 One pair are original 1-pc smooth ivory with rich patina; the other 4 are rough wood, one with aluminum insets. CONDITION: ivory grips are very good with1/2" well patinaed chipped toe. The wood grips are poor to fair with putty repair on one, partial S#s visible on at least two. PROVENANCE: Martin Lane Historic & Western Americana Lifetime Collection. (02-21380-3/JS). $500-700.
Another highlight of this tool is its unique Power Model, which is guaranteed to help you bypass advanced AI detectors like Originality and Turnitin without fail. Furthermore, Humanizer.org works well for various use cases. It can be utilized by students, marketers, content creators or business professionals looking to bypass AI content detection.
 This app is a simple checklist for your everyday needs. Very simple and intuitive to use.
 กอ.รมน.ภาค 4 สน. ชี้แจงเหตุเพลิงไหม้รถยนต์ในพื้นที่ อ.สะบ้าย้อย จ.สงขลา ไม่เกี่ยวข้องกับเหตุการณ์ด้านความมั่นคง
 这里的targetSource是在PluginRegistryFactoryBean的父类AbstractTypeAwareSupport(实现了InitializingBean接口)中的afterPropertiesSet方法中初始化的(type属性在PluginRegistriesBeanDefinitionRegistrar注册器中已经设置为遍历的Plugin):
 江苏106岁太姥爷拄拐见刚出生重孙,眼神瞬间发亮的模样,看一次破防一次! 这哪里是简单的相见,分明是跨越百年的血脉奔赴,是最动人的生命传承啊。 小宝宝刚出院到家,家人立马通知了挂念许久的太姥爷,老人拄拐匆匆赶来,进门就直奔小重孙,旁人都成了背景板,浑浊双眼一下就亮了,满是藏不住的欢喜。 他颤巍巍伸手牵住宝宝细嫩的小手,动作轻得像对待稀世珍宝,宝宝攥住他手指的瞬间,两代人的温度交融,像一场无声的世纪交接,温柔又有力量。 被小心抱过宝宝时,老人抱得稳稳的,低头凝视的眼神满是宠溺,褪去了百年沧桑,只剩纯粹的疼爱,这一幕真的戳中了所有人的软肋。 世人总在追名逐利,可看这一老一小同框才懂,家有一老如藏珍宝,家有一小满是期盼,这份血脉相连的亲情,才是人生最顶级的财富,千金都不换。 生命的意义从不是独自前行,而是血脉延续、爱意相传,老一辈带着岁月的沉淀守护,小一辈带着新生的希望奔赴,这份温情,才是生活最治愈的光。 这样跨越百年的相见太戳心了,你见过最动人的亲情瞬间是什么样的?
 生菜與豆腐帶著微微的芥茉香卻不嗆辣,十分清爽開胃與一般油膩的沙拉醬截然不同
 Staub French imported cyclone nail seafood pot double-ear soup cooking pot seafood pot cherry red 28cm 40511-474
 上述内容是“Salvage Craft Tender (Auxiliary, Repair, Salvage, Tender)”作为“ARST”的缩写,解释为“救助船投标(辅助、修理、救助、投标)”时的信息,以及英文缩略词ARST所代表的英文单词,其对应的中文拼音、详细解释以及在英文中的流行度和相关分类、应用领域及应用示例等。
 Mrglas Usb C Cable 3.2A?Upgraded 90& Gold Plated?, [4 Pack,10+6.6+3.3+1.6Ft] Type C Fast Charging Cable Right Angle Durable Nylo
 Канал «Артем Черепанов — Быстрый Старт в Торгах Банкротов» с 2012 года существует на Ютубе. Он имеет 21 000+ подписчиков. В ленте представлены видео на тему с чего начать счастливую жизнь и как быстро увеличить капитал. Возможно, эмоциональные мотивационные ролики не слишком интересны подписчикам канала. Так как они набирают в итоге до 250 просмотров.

- The task
Would you quote everything above from the line containing "This app is" down to the line containing "กอ.รมน.ภาค 4 สน."? Include both of those lines and nothing else.

- Output for this task
 This app is a simple checklist for your everyday needs. Very simple and intuitive to use.
 กอ.รมน.ภาค 4 สน. ชี้แจงเหตุเพลิงไหม้รถยนต์ในพื้นที่ อ.สะบ้าย้อย จ.สงขลา ไม่เกี่ยวข้องกับเหตุการณ์ด้านความมั่นคง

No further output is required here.